§ Data for analysis:
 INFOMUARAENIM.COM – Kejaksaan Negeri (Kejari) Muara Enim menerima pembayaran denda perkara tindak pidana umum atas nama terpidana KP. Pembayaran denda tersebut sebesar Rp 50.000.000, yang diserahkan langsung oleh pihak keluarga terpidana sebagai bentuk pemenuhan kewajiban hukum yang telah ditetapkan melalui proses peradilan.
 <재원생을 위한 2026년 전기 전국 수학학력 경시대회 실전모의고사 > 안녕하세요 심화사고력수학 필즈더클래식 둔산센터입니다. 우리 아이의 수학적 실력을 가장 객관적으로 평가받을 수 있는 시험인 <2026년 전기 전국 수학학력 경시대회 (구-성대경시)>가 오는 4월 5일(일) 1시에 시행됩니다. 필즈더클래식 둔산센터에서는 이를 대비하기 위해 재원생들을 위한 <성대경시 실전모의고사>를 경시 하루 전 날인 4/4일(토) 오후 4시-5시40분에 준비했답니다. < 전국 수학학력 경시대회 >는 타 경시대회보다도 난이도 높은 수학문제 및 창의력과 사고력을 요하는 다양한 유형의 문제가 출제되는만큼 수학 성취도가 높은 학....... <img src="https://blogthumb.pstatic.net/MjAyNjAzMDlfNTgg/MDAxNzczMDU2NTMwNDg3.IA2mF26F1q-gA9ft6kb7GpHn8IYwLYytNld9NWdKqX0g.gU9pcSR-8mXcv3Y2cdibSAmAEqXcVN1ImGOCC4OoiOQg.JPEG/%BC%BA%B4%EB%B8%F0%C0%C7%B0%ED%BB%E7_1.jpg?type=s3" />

---

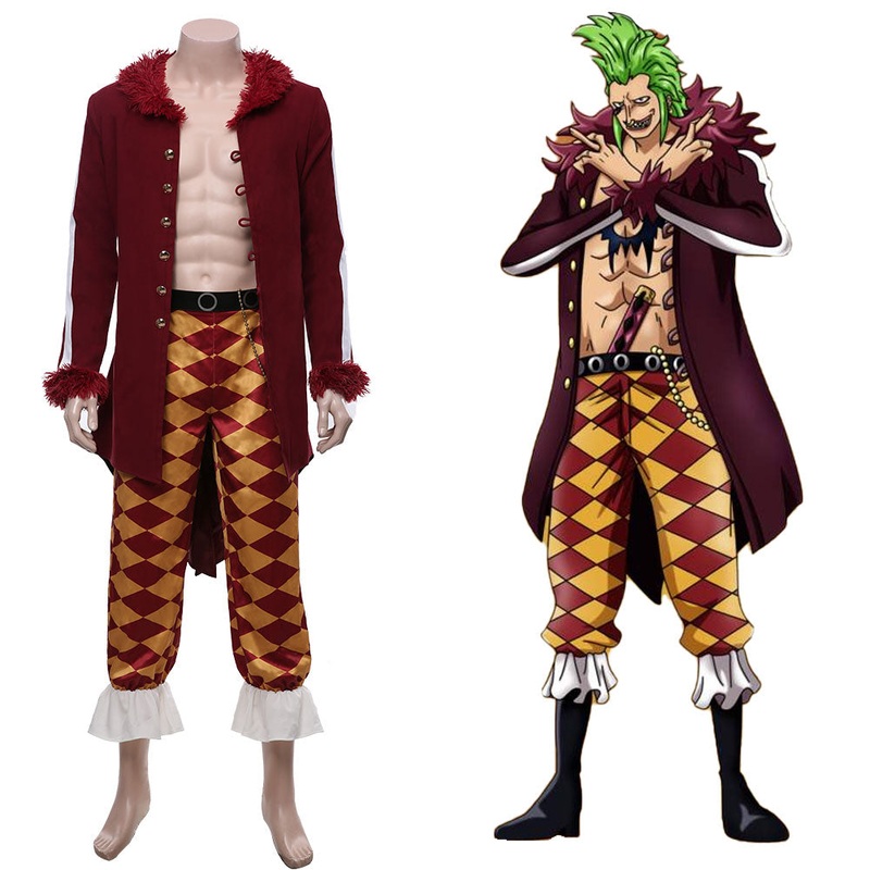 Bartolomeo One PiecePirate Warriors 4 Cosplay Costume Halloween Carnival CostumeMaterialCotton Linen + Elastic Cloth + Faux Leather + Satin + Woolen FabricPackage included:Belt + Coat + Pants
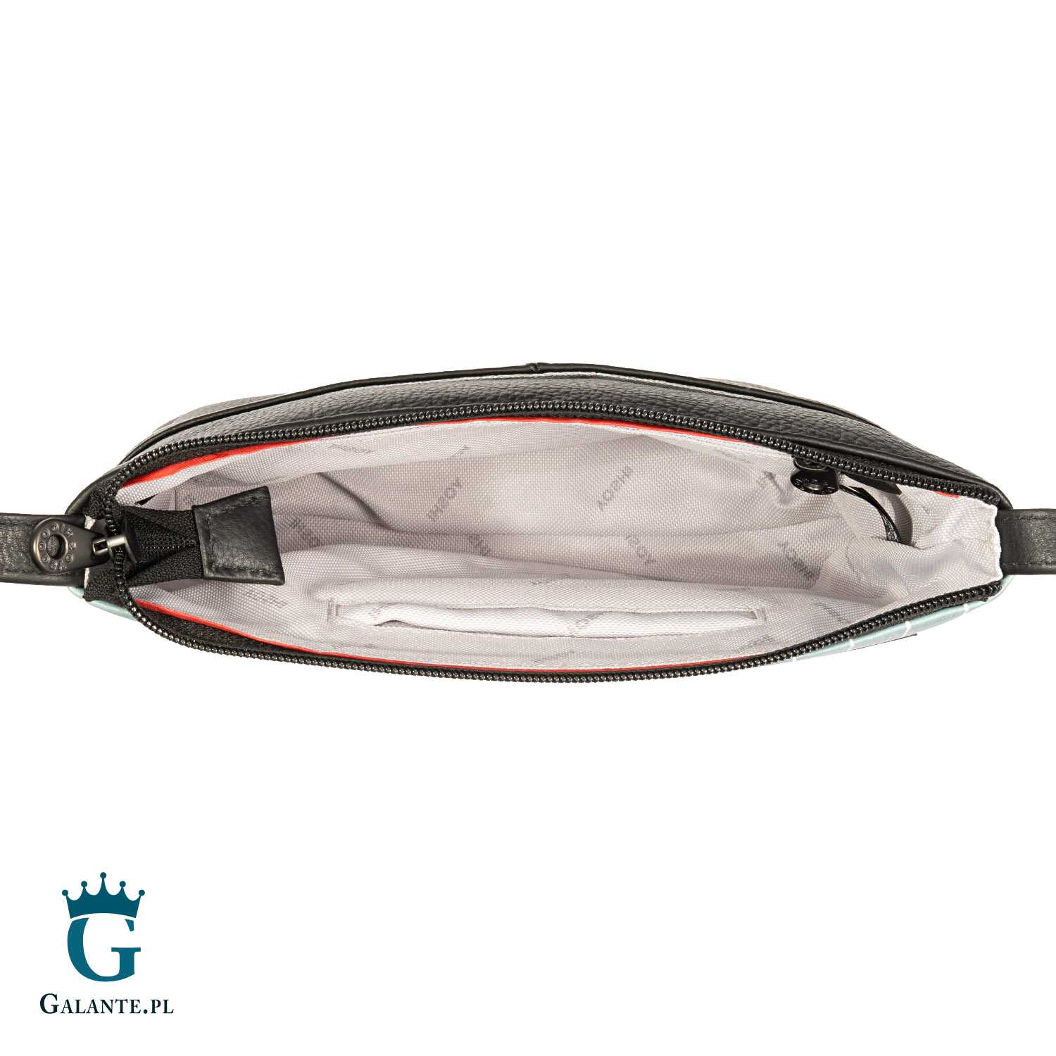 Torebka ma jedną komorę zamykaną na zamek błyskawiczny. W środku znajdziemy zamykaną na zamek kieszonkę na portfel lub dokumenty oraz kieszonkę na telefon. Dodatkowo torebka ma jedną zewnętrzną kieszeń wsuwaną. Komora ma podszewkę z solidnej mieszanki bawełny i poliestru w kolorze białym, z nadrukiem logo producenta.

==

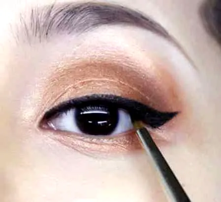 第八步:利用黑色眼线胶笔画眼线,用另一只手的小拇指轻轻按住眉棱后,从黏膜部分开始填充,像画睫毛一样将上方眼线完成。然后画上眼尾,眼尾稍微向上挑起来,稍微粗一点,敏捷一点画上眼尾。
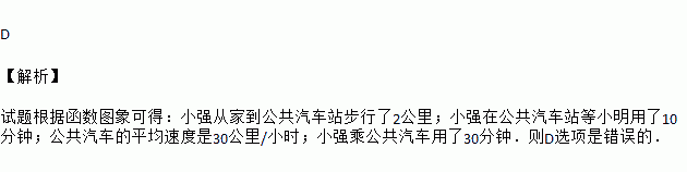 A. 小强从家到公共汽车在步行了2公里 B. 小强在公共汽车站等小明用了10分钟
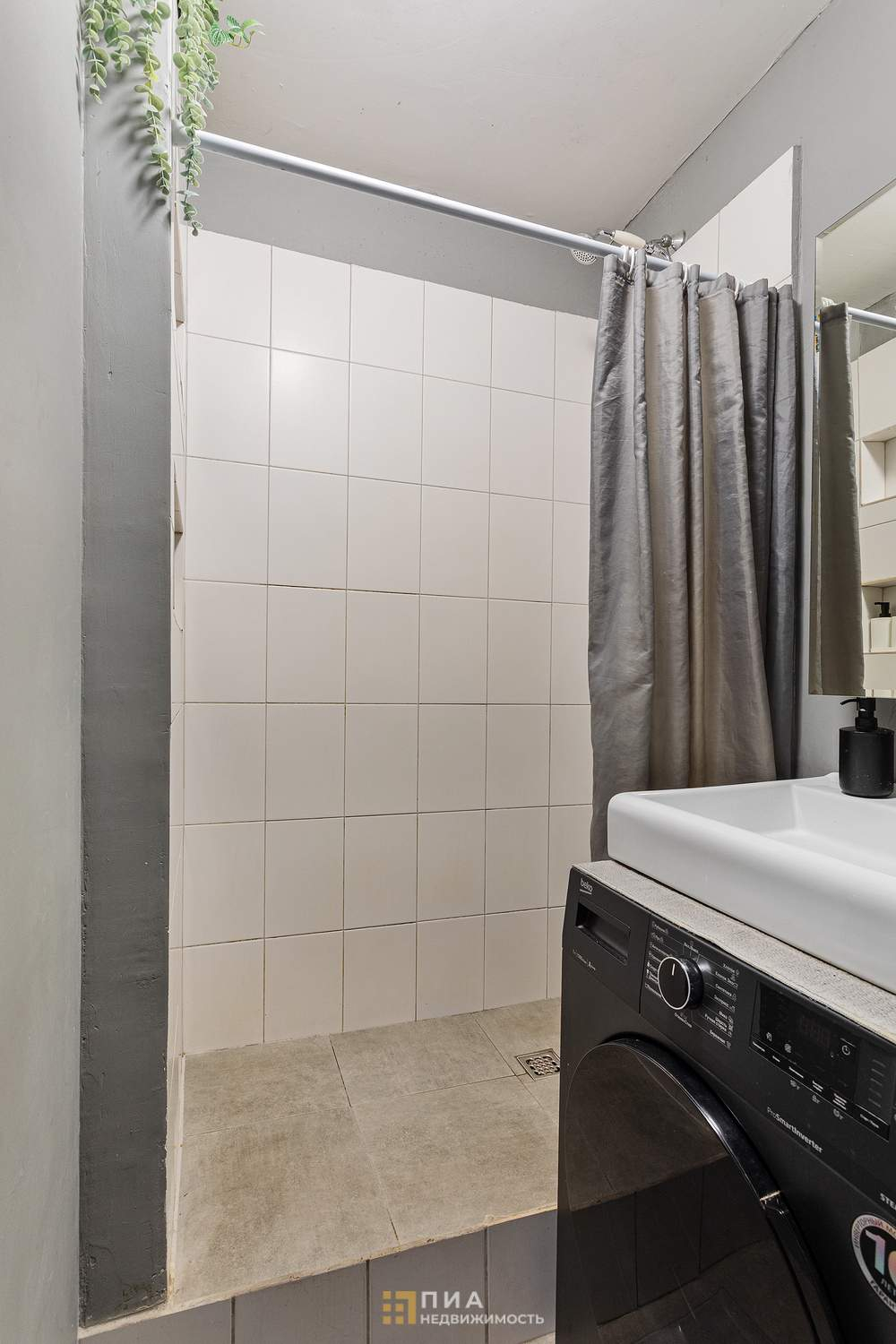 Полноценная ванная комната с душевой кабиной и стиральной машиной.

§ Work instruction: Out of the records above, please copy exactly the lines from the line with "第八步:利用黑色眼线胶笔画眼" up to and including the line with "Полноценная ванная комната", minus the pictures.

§ Response area:
 第八步:利用黑色眼线胶笔画眼线,用另一只手的小拇指轻轻按住眉棱后,从黏膜部分开始填充,像画睫毛一样将上方眼线完成。然后画上眼尾,眼尾稍微向上挑起来,稍微粗一点,敏捷一点画上眼尾。
 A. 小强从家到公共汽车在步行了2公里 B. 小强在公共汽车站等小明用了10分钟
 Полноценная ванная комната с душевой кабиной и стиральной машиной.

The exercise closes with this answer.